Knight Ridder Newspapers

MIAMI — A British research firm recently combed 25,000 DNA samples searching for a modern descendant of Genghis Khan from outside the Mongolian warlord's ancient empire.

They found one: a University of Miami accounting professor with a receding hairline.

Tom Robinson, 48, of Palmetto Bay, Fla., has taken the odd news with amiable modesty. In some quarters, he's being treated like the guy who walks into a store and finds out he's the millionth customer. The Mongolian ambassador to the U.S. plans to invite him as an honored guest to his Washington embassy.
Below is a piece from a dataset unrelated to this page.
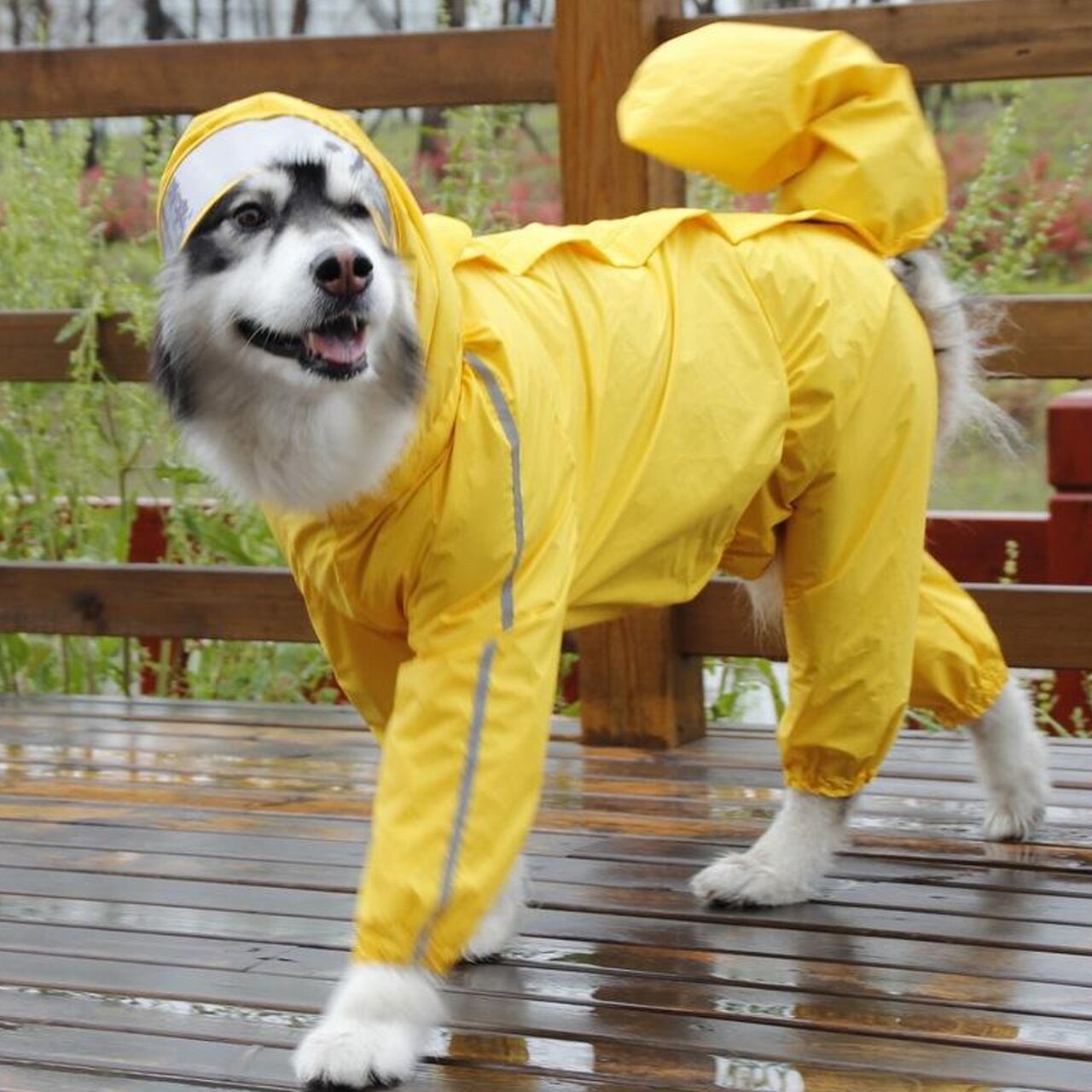 → 中型~大型犬のために開発された、4 足フルカバー式レインコートです。ナイロンコーティング生地で完全防水、フードには透明なバイザー付きで視界を遮らず、尻尾カバーも取り外し可能。背中のファスナーで着脱が簡単、反射条で夜間の安全性も確保。ゴールデンレトリバー、ラブラドール、ハスキー、アラスカンマラミュートなどの大型犬にぴったりで、雨の日のお散歩やアウトドアで愛犬をぬれや汚れから守り、お家の掃除の手間を大幅に減らしてくれる、飼い主必携のアイテムです。
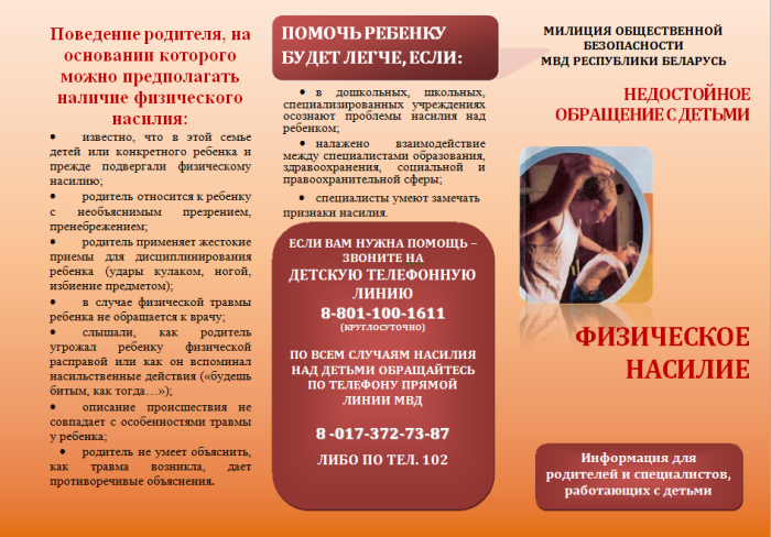 О фактах жестокого обращения с ребенком или насилия над ним можно сообщить в: сектор охраны детства (тел. 27401), СПЦ (тел. 25363), ИДН (тел. 55221).

They're an unlikely pair, the emperor and the accountant. Genghis was known as the type of guy who would conquer villages across two continents, murder entire tribes and take thousands of female partners. Robinson, on the other hand, just returned from a cruise to Alaska with his wife of 25 years.

"I think I do have a certain number of administrative skills," Robinson said, noting he once was president of a local financial-analyst society. "I haven't done any conquering, per se."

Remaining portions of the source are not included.